This method for calculating power in RNA expression experiments is based on this paper, which seems to contain the answers to some of your questions. The work in that paper was for 2-sample tests, not paired tests, and the paper examines the situation where $n=n_1=n_2$, so the reported sample size is for each group. The manual for this function agrees that size1$ssize represents "sample sizes (for each treatment) at which desired power is first reached."
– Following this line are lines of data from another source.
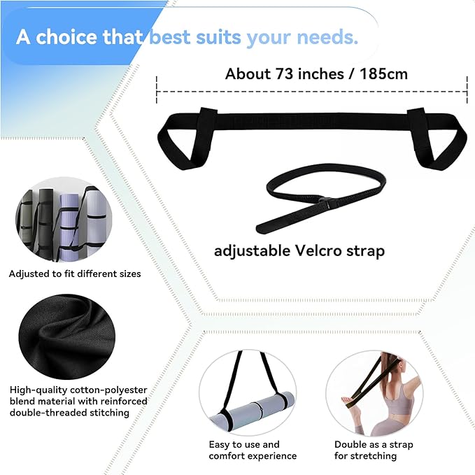 - 【EXTRA-LONG AND FULLY ADJUSTABLE】At 73 inches long with a secure hook-and-loop closure, it easily fits all standard, thick, and extra-long yoga mats. Adjust in seconds for a perfect, secure fit.
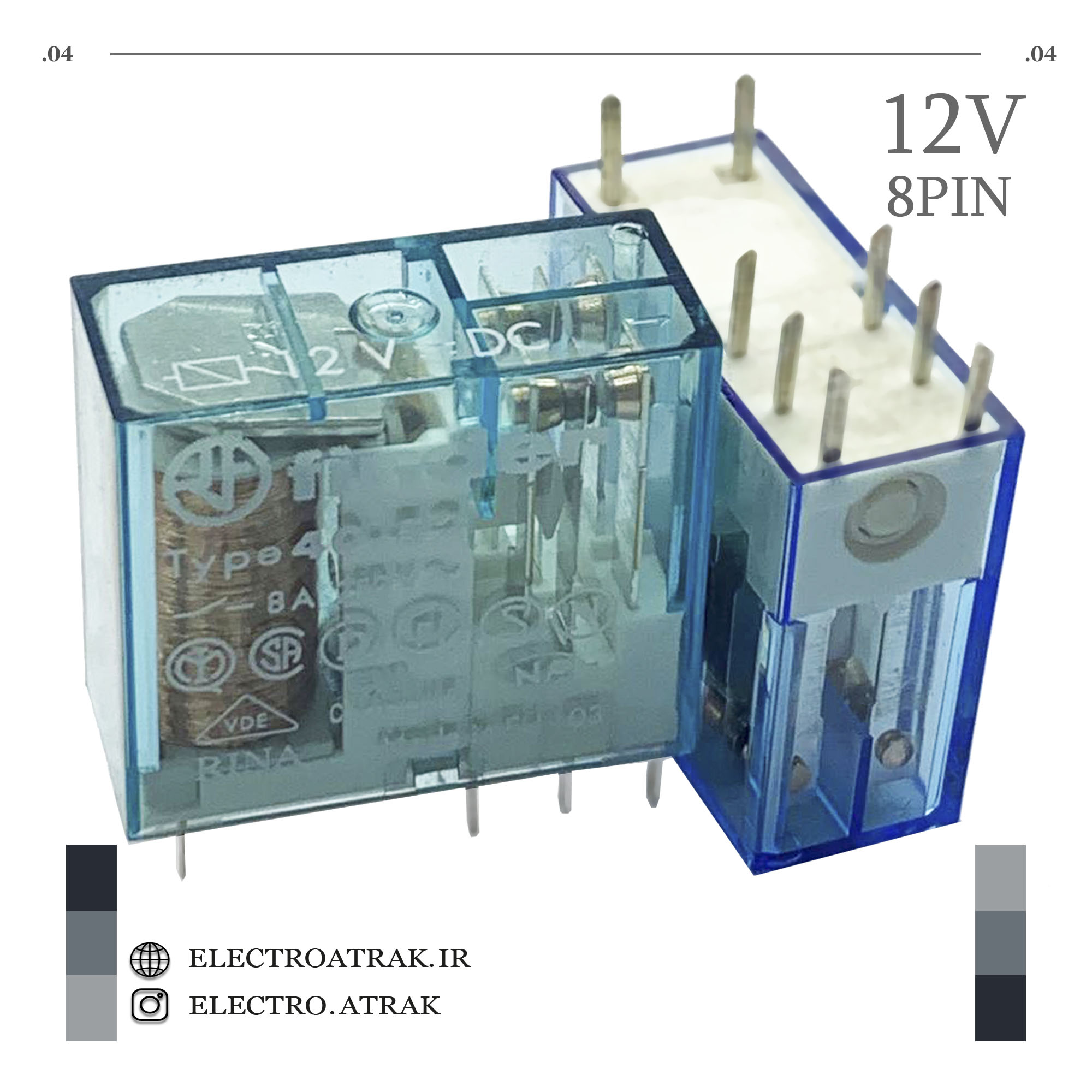 رله 12 ولت دو کنتاکت فیندر 8 آمپر 8 پایه اورجینالناموجود
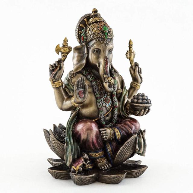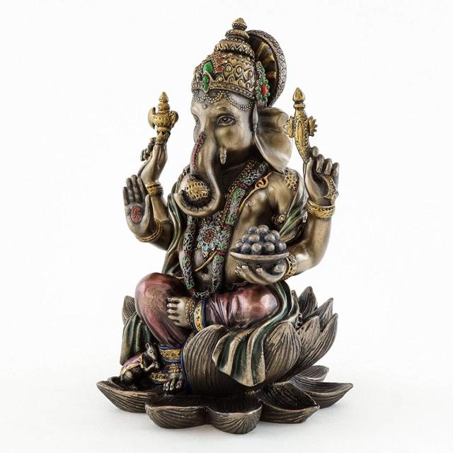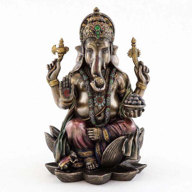 【Top Collection Ganesh Statue Sitting on Lotus Pedestal - Lord of SuccessSculpture in Premium Cold Cast Bronze with Colored Accents - 7.25-InchCollectible Hindu God Ganesha Figurine】
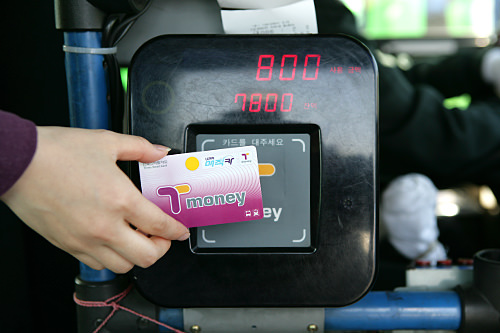 除此之外,交通卡还添加了可以购买KTX火车票及长途汽车票,交纳高速公路过路费等新功能。使用方法和以前一样,仅将T-money卡靠近传感器刷卡即可。

As I read the power graph, the 80% power with 17 in each group is correct. If you need to restrict analysis to a total of 90, that would be 45 per group or a power of 0.92 as I read the graph. With 90 per group you seem to have 0.95 power from the graph.

Having paired case/control selection to balance with respect to other covariates is probably a good idea, but it's not clear that you would gain anything with paired analysis. With $n$ cases in each group a simple unpaired analysis would have $2n-2$ degrees of freedom, while the paired analysis would only have half as many, $n-1$. For a paired analysis to be more effective you thus need the pairing to explain a lot of the variance among the observations. I wonder whether that's the case with RNA expression data.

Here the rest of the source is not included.